What is needed: Every line of the material is to be returned verbatim. Pictures stay out.

[Supplied information — start]

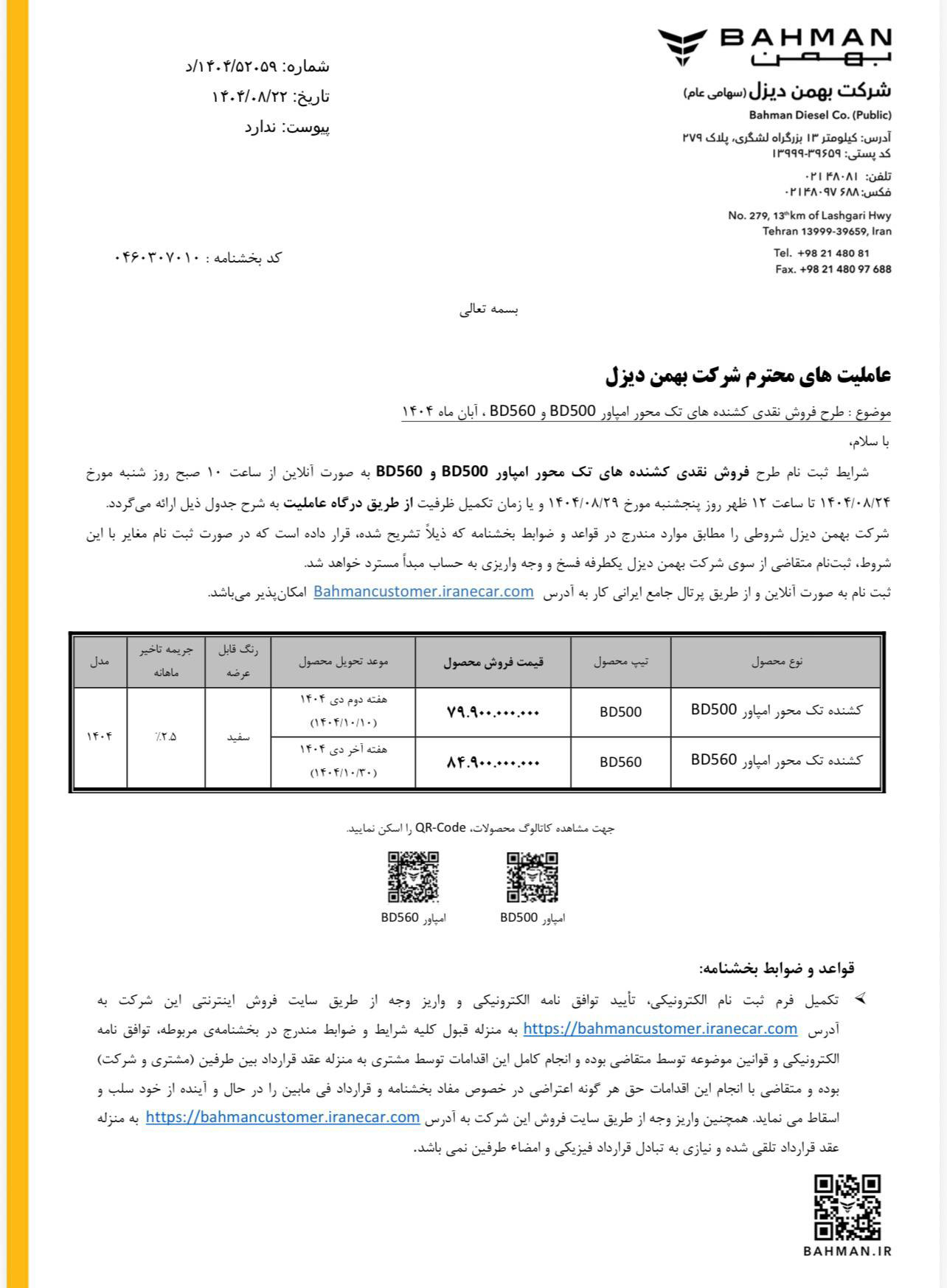 این مرحله از فروش کامیون و کشنده امپاور، ثبت نام از متقاضیان بصورت اینترنتی بوده و از طریق درگاه عاملیتهای مجاز بهمن دیزل، امکانپذیر است. جزییات بیشتر را از لینک زیر دریافت کنید:
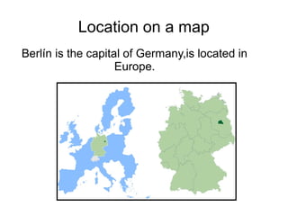 Berlin is the capital of Germany located in Europe. The official language is German and the currency is the Euro. Berlin has a continental climate with warm summers and very cold winters. Air travel is a common way to travel long distances. Berlin was formed by the union of two cities and has a history of being divided by The Berlin Wall which was constructed by East Germany to prevent migration to West Germany and was torn down in 1989. Major attractions include museums on Museum Island which has several famous museums and is a UNESCO World Heritage Site.
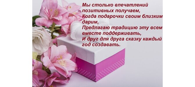 Открытка "Мы столько впечатлений позитивных получаем, Когда подарочки своим близким дарим, Предлагаю традицию"
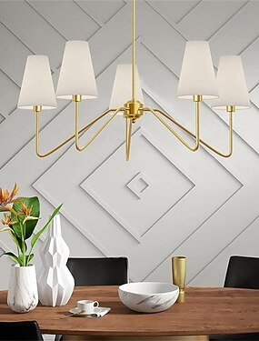 Lustre clássico de 5 braços em dourado polido com cúpulas de linho branco, luminária de teto para sala de jantar, sala de estar e hall de entrada.

[Supplied information — finish]

The completed task:
 این مرحله از فروش کامیون و کشنده امپاور، ثبت نام از متقاضیان بصورت اینترنتی بوده و از طریق درگاه عاملیتهای مجاز بهمن دیزل، امکانپذیر است. جزییات بیشتر را از لینک زیر دریافت کنید:
 Berlin is the capital of Germany located in Europe. The official language is German and the currency is the Euro. Berlin has a continental climate with warm summers and very cold winters. Air travel is a common way to travel long distances. Berlin was formed by the union of two cities and has a history of being divided by The Berlin Wall which was constructed by East Germany to prevent migration to West Germany and was torn down in 1989. Major attractions include museums on Museum Island which has several famous museums and is a UNESCO World Heritage Site.
 Открытка "Мы столько впечатлений позитивных получаем, Когда подарочки своим близким дарим, Предлагаю традицию"
 Lustre clássico de 5 braços em dourado polido com cúpulas de linho branco, luminária de teto para sala de jantar, sala de estar e hall de entrada.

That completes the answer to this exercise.